New UNEP Science Compendium Study

UNEP’s newly released Climate Change Science Compendium 2009 is an excellent, if not sobering, potential student reading on current and potential impacts of climate change. The Compendium serves as an update of our current state of climate knowledge from the 4th Assessemnt Report in 2007. It reinforces a theme that I often emphasize to my students: as our scientific knowledge in the field of climate change deepens, our projections of impacts in most contexts become more serious, accentuating the need for an extremely precautionary approach.

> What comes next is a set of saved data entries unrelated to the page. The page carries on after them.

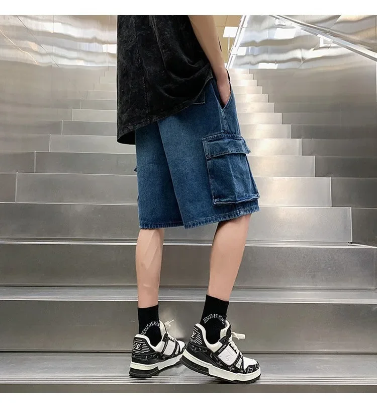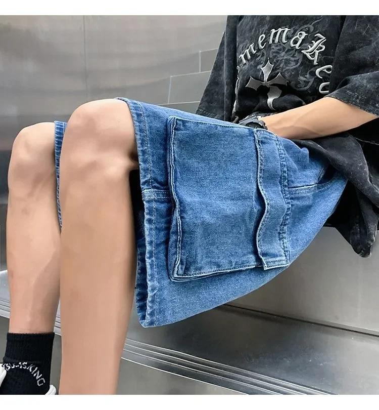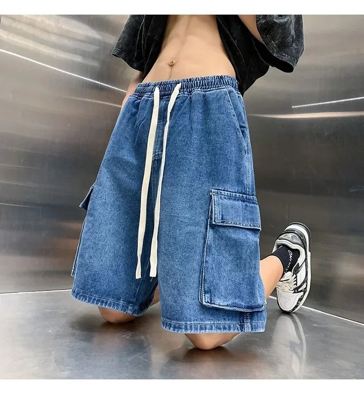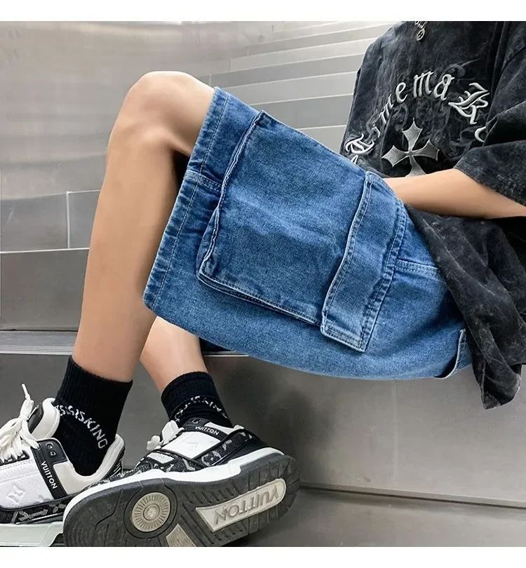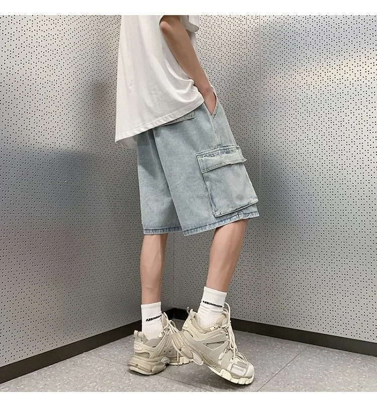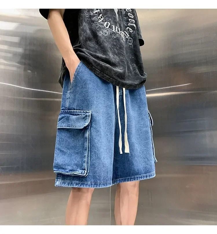 Men's Casual Straight Leg Jeans Shorts Thin Elastic Waist Loose Fit Five-Quarter Length Workwear Style Summer Fashion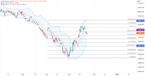 日内港股部分板块有不错的涨势,但权重科技股普遍向下拖累港股人气。恒指上周多次测试18400无果,加上近期交投量的下降,技术上调整压力加剧,当前4小时图位于布林带中轨,如果确认跌破将下望16800,回到两周前的盘整区间。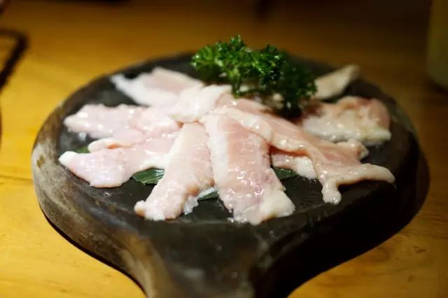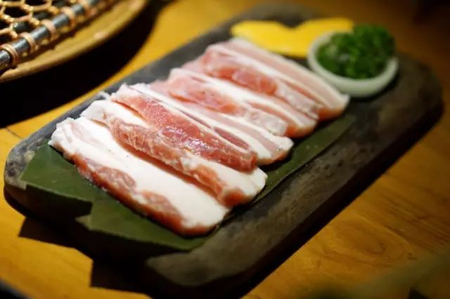 焱石的猪肉选用的是排酸猪肉,每个部位都经过挑选。烤猪肉时,最好烤至全熟表面微焦,建议搭配包肉酱或干料;用生菜或者苏子叶包住食用,也可一同放蒜片、辣椒圈或者各种泡菜。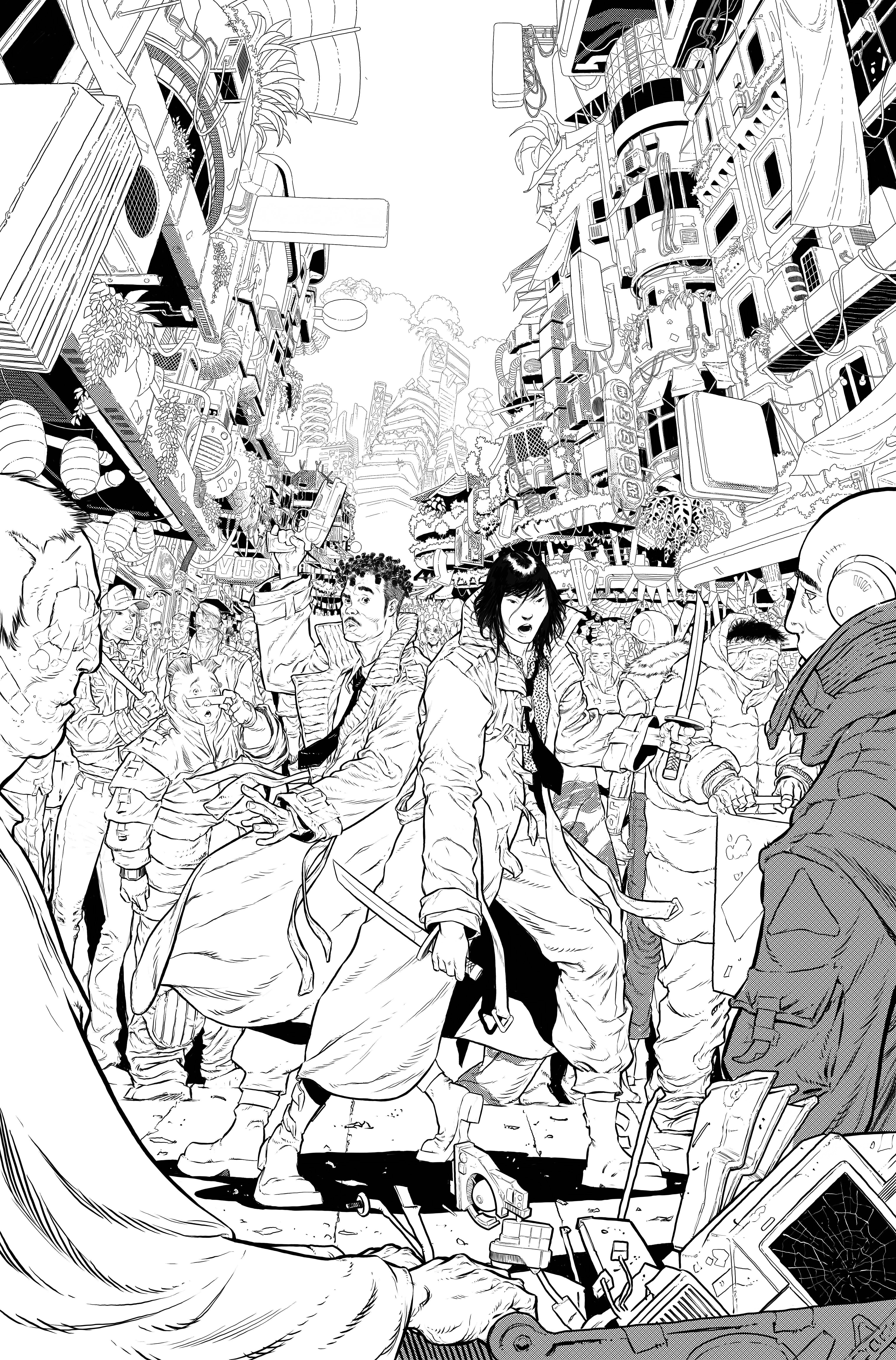 "Na verdade, eu tinha um objetivo pessoal de não iterar no anime que já foi inspirado pelo Blade Runner. Como crise de bubblegum ou psicopass", diz Brown. “Quando você escreve cyberpunk, geralmente está refletindo como acha que seu próprio ambiente entrará no futuro (e é por isso que LA tem um tema dos anos 80 e o medo de o Japão se tornar uma superpotência da série original). Então, eu queria refletir sobre os medos e esperanças da sociedade do Japão hoje. E o que daria errado ou certo se as pessoas perigosas tivessem o seu caminho.”

Here’s some of the key take-aways from the report:

  • We are now likely committed to a one meter rise in sea level by the next century and 5-10 times this rise in the following centuries;
  • We are now committed to an additional increase in temperatures of 1.6 degrees C, which combined with the 0.6-0.7C increase we’ve already witnessed over pre-industrial levels, we now appear inevitably committed to exceeding the 2C “guardrail” that virtually everyone agrees will visit extremely serious impacts on human institutions and natural systems;
  • In the context of Earth ice dynamics:
    • Glacial melting has accelerated in recent years, including massive losses in Europe, the Himalayas, and in a region we often don’t think about glacial melting, Africa;
    • Arctic ice melting has accelerated, suggesting a record low volume by the end of summer 2008, and a much hire incidence of first year ice, which is prone to melt more quickly than thicker multi-year ice. In 2009, ice older than two years accounted for less than 10% of ice cover;
    • More than 75% of marine-terminating outlet glaciers in the Greenland Ice Sheet are thinning, with potentially very serious implications for sea level rise given the mass of this ice body;
    • Portions of Antarctica are also losing ice, including an increased loss of ice by 60% in the last decade. Observed cooling in the interior may be attributable to ozone layer diminution, which is likely to be reversed in upcoming decades, potentially bringing even warmer temperatures and more dynamic ice conditions
  • In terms of the world’s oceans:
    • The report reminds us that a large portion of warming inertia in the system is attributable to the storage of heat in oceans, potentially delaying surface temperature response from 10-100 years;
    • Ocean acidification is proceeding apace, including water that can coorde aragonite (one form of calcium carbonate) now along the California coastline, a phenomenon that may also occur in 2050, if not sooner in many high latitude regions;
  • In terms of the Earth’s ecosystems:
    • Amplification of natural variability intensities “introduces a new urgency” for understanding the biological consequences of climate extremes;
    • There is already substantial evidence of phenological changes in many parts of the world;
    • The southwestern United States is moving rapidly to a point where “drought becomes the region’s new climatology;”
  • The report may also be helpful for its suggestions of systems management. It includes an extensive (and pretty unique) discussion of adaptation strategies for natural systems, including controversial propositions, e.g. assisted colonization, and a good discussion of potential adaptation for agricultural systems;
  • The study does also briefly discuss some of the potential geo-engineering responses, as well as prospects for biochar; however, this section almost seeks like an afterthought.

Overall, this study should increase the urgency of the Parties to the UNFCCC and Kyoto as they near the finish line for COP15.